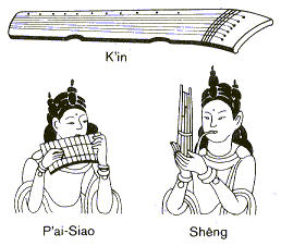 Música en China: atrajo a viajeros occidentales que visitaban ese país ansiosos de novedades. Los chinos diferenciaban las notas de la música; reservaban las primeras a los hombres ordinarios y las ultimas a hombres sabios.
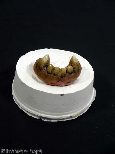 From the 2005 fantasy epic, this is a realistic recreation of a bottom set of gruesome fangs and gums screen used by a Half-Orc. The 1 1/2” tall painted and enameled fangs measure 2 1/4” across and feature caps on the incisors. The browned, decaying fangs are mounted on a white plaster mold of the actor's actual lower teeth. The fangs were cracked down center, but were repaired with dental cement. There is some light chipping on the enamel.
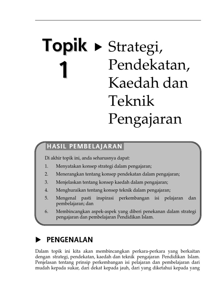 Secara asas seorang guru mengetahui ciri pengajaran dan pembelajaran pendidikan islam yang baik kerana rata rata guru memiliki sekurang kurangnya diploma pendidikan dan perguruan ishak 1995. Pendahuluan 2 minit memberi salam dan membaca doa sebelum belajar. 1 guru memberi salam kepada murid. Isbn 978 967 942 911 4 kulit lembut.
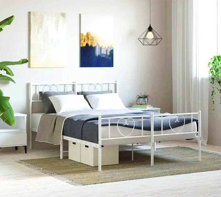 Białe metalowe łóżko małżeńskie 140x200 cm - Veligo

=== ABOUT THIS TASK ===
Transcribe the whole listing exactly but exclude images.

=== SOLUTION ===
 Música en China: atrajo a viajeros occidentales que visitaban ese país ansiosos de novedades. Los chinos diferenciaban las notas de la música; reservaban las primeras a los hombres ordinarios y las ultimas a hombres sabios.
 From the 2005 fantasy epic, this is a realistic recreation of a bottom set of gruesome fangs and gums screen used by a Half-Orc. The 1 1/2” tall painted and enameled fangs measure 2 1/4” across and feature caps on the incisors. The browned, decaying fangs are mounted on a white plaster mold of the actor's actual lower teeth. The fangs were cracked down center, but were repaired with dental cement. There is some light chipping on the enamel.
 Secara asas seorang guru mengetahui ciri pengajaran dan pembelajaran pendidikan islam yang baik kerana rata rata guru memiliki sekurang kurangnya diploma pendidikan dan perguruan ishak 1995. Pendahuluan 2 minit memberi salam dan membaca doa sebelum belajar. 1 guru memberi salam kepada murid. Isbn 978 967 942 911 4 kulit lembut.
 Białe metalowe łóżko małżeńskie 140x200 cm - Veligo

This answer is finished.